Pattern of γ-radiation sensitivity by clonogenic assays. 10⁴ untransfected MM3MG and cells overexpressing TLK1B were irradiated with the indicated doses and plated in triplicates of 100, 500, 1000, or 5000 cells in multiwell plates. The colonies were counted 10 days later. The average from 2 independent experiments is shown. S.F. = surviving fraction.

Figure 2

Phosphorylation of H3 and H2AX after irradiation. MM3MG and MM3MG over-expressing TLK1B cells were grown to 80% confluence prior to gamma-radiation (10 Gy). Cells were harvested at different times (0 h, 30 min, 1 h, 2 h, 4 h, 8 h and 16 h) after irradiation and lysed in RIPA buffer. Equal amount of protein of each sample was loaded on a 15% SDS-PAGE gel and electrophoresed. Blots were probed with phospho-Histone H3 (Ser-10) antibody, or phospho-Histone H2AX (Ser-139) antibody (Upstate Cell Signaling). Equal loading of proteins was confirmed by staining the blots with Ponceau S prior to processing.

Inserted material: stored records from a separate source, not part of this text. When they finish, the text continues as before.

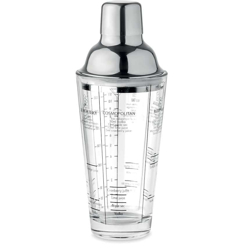 Shaker en verre avec couvercle en acier inoxydable. Les recettes et les mesures des cocktails sont imprimées sur le verre. Un cadeau idéal pour tous les amateurs de bonnes boissons.
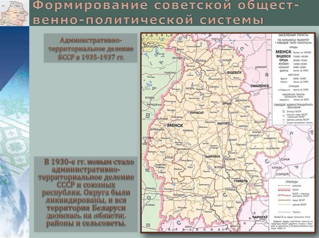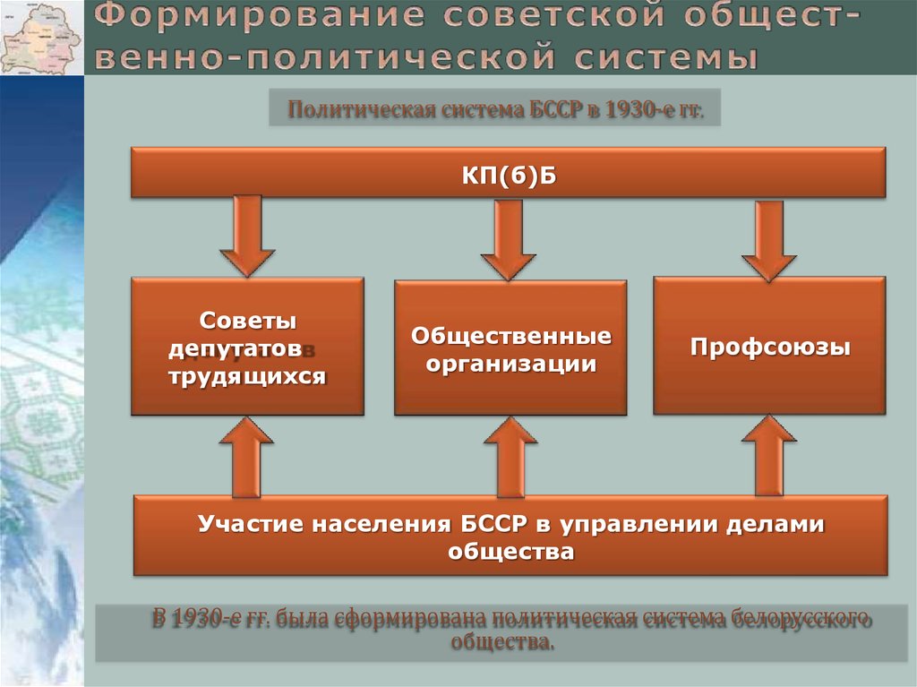 В 1930-е гг. была сформирована политическая система белорусского
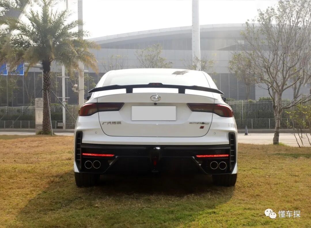 车尾部分,传祺影豹2.0T原厂就带了一个大尾翼,并且在车尾的下方新车还配备了双边四出的排气,所以整个车尾的运动感是呈现得很足的。
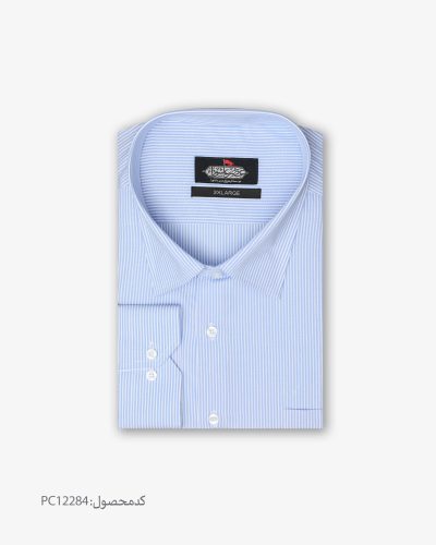 پیراهن تترون یقه انگلیسی کلاسیک راه راه زمینه سفید آبی کد PC12284
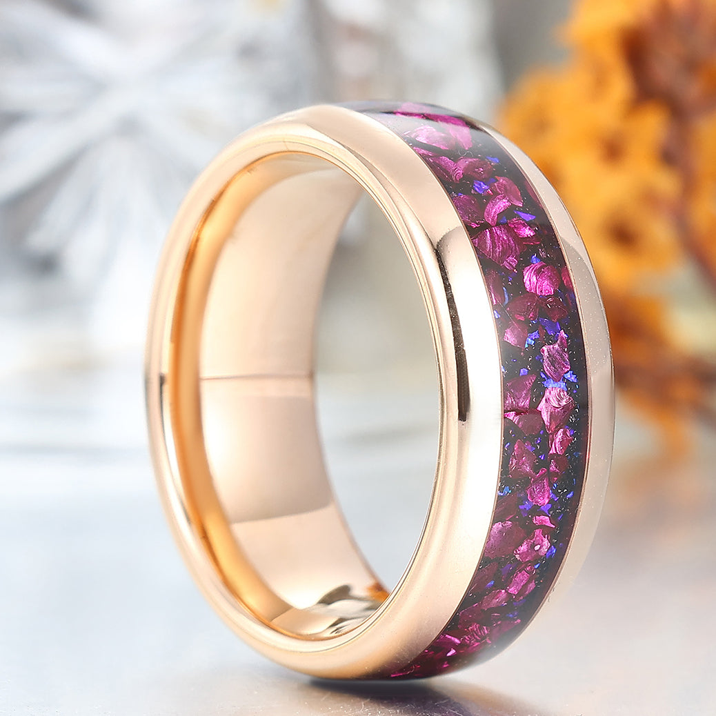 Metal Type: Tungsten Carbide - Crushed Amethyst and Lab Grown Blue Sandstone Inlay - Hypoallergenic
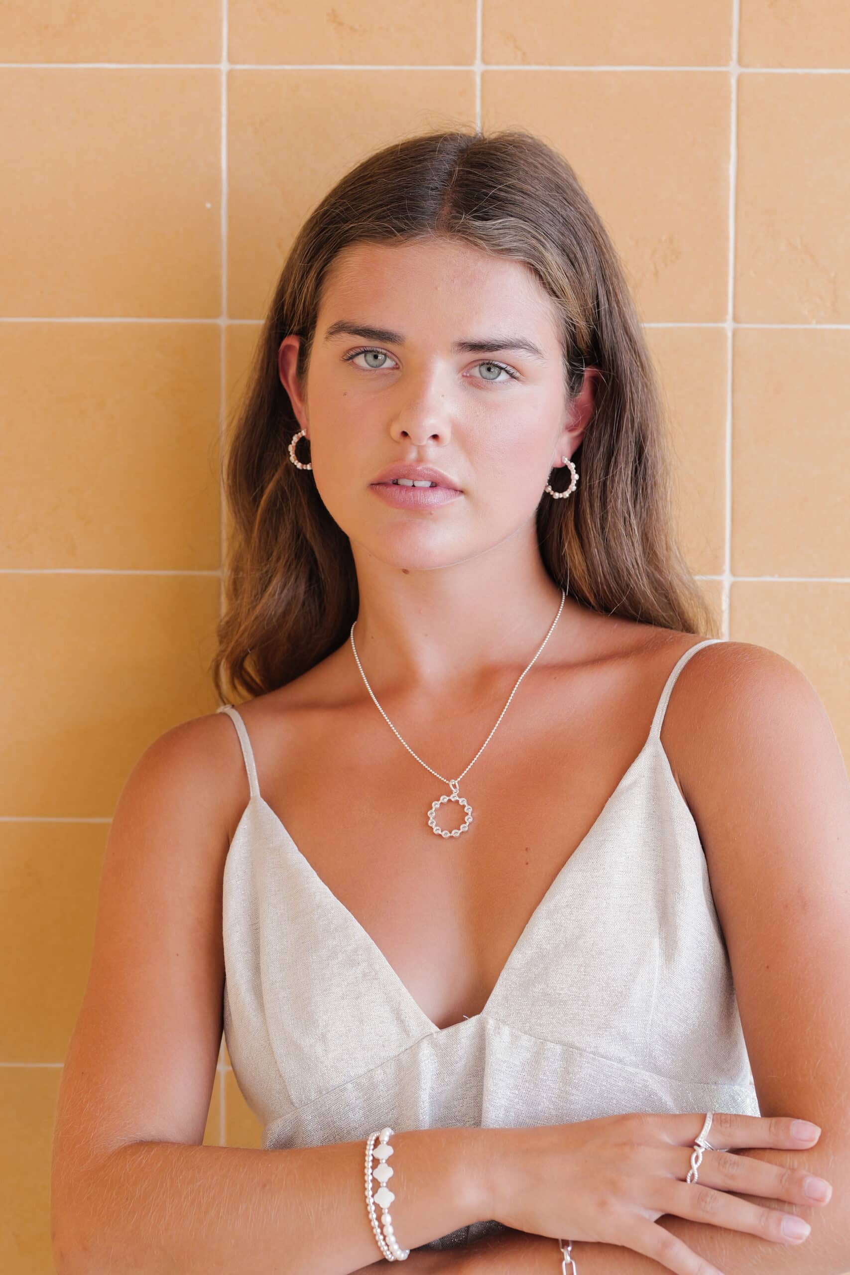 Die funkelnden Creolen sind mit mehreren zierlichen Zirkoniasteinen besetzt und sorgen für einen eleganten und zeitlosen Schmuck-Look in Sterling Silber. Die handgefertigten Ohrringe sind die perfekte Ergänzung zu unserer neuen NALLELI Kollektion.
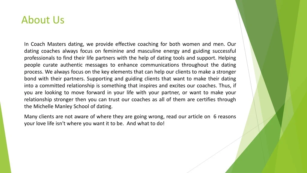 About Us In Coach Masters dating, we provide effective coaching for both women and men. Our dating coaches always focus on feminine and masculine energy and guiding successful professionals to find their life partners with the help of dating tools and support. Helping people curate authentic messages to enhance communications throughout the dating process. We always focus on the key elements that can help our clients to make a stronger bond with their partners. Supporting and guiding clients that want to make their dating into a committed relationship is something that inspires and excites our coaches. Thus, if you are looking to move forward in your life with your partner, or want to make your relationship stronger then you can trust our coaches as all of them are certifies through the Michelle Manley School of dating. Many clients are not aware of where they are going wrong, read our article on 6 reasons your love life isn't where you want it to be. And what to do!
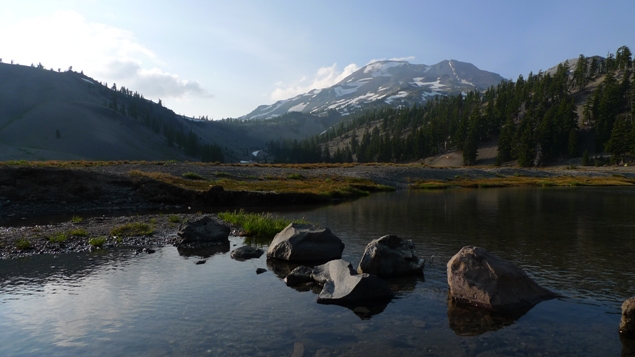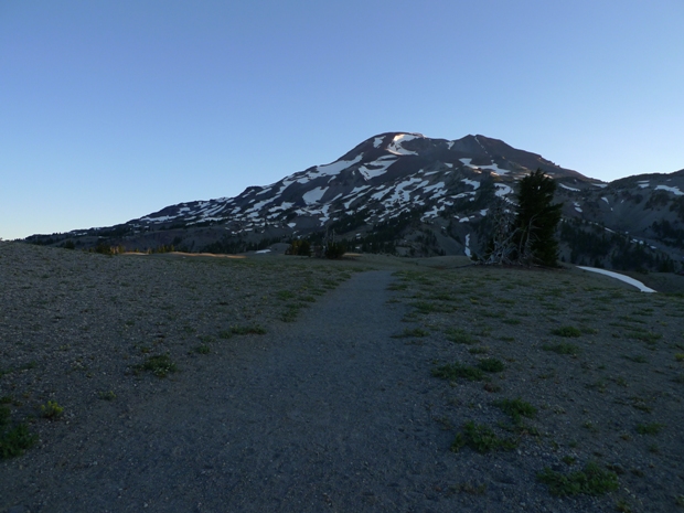 We departed the trailhead at 4:09pm. The first portion of the climb travels through the trees and steadily climbs to an altitude of 6,700 feet at the cut-off to Moraine Lake. There are several points along the first mile of the trail where one can fill up on water. I decided to pass at this point, as I was carrying 4 liters of water, although I soon found that the water in my Nalgene canteen was foul from soap residue. The contents were pitched the contents in a nearby bush, reducing my weight by 2 lbs.

These blots are representative of two separate experiments.

Figure 3

Phosphorylation of H3 and H2AX after irradiation in the presence of wortmannin. The experiment was carried out as detailed in the legend to Fig. 2, but the cells were pre-treated with 30 μM wortmannin to inhibit ATM.

Figure 4

Analysis of episomes. 2 × 10⁷ cells transformed with BK-Shuttle or TLK1B were irradiated with the indicated dose of γ-radiation. The cells were returned to the incubator and the plasmids were isolated 1 hr later by the Hirt's protocol and separated on a 1% agarose/TAE gel. The mobility of the forms (circular, linear, and supercoiled) is indicated. The structure of the BK-Shuttle episomal vector is shown on the right. The bands were quantified with ImageQuant vs. 5 (Molecular Dynamics).

Figure 5

Analysis of episomes during a time course of recovery from IR. 2 × 10⁷ cells transformed with BK-Shuttle or TLK1B were irradiated (or not, C) with 20 Gy of γ-radiation. The cells were returned to the incubator and the plasmids were isolated immediately after radiation (IR), or after the indicated times of recovery, 2 to 8 hr (R2-R8). The episomes were recovered by alkaline lysis, which removes plasmids with DSBs by strand separation followed by the rapid renaturation. This is because it is not always easy to separate on agarose gels the linearized from the supercoiled form of the plasmid (these plasmids are 11–14 kb in size, without and with insert). The bands were quantified with ImageQuant. The intensities of the bands relative to control are indicated underneath each lane. Size markers (Novagen 1 kb ladder) are shown in the first lane.

Figure 6

Assay of repair of genomic damage. Examples of non-irradiated cells (A, D) or cells irradiated and allowed to recover for 0 hr (B, E) or 2 hr (C, F) are shown. MM3MG cells are shown in A-C; TLK1B cells are shown in D-F. An arrow points to one of the DAB spots.

Figure 7

A. Ligation reactions and supercoiling. Reactions were prepared as described Experimental Procedures. The position of linearized plasmid (lane 1, input), bacterial supercoiled (lane 2) and dimers is indicated. The various topomeric forms of supercoiled plasmid (the result of deposition of nucleosomes on the template) are not resolved well in this gel without chloroquine, and appear as a slight smear (lanes 6, 9, 10). B. Assay of chromatin assembly. Nucloesomes assembly was carried out on 2 μg of Bluescript plasmid as described in Methods. Each band corresponds to the addition of one nucleosome, which decreases the linking number. These gels are representative of two different experiments.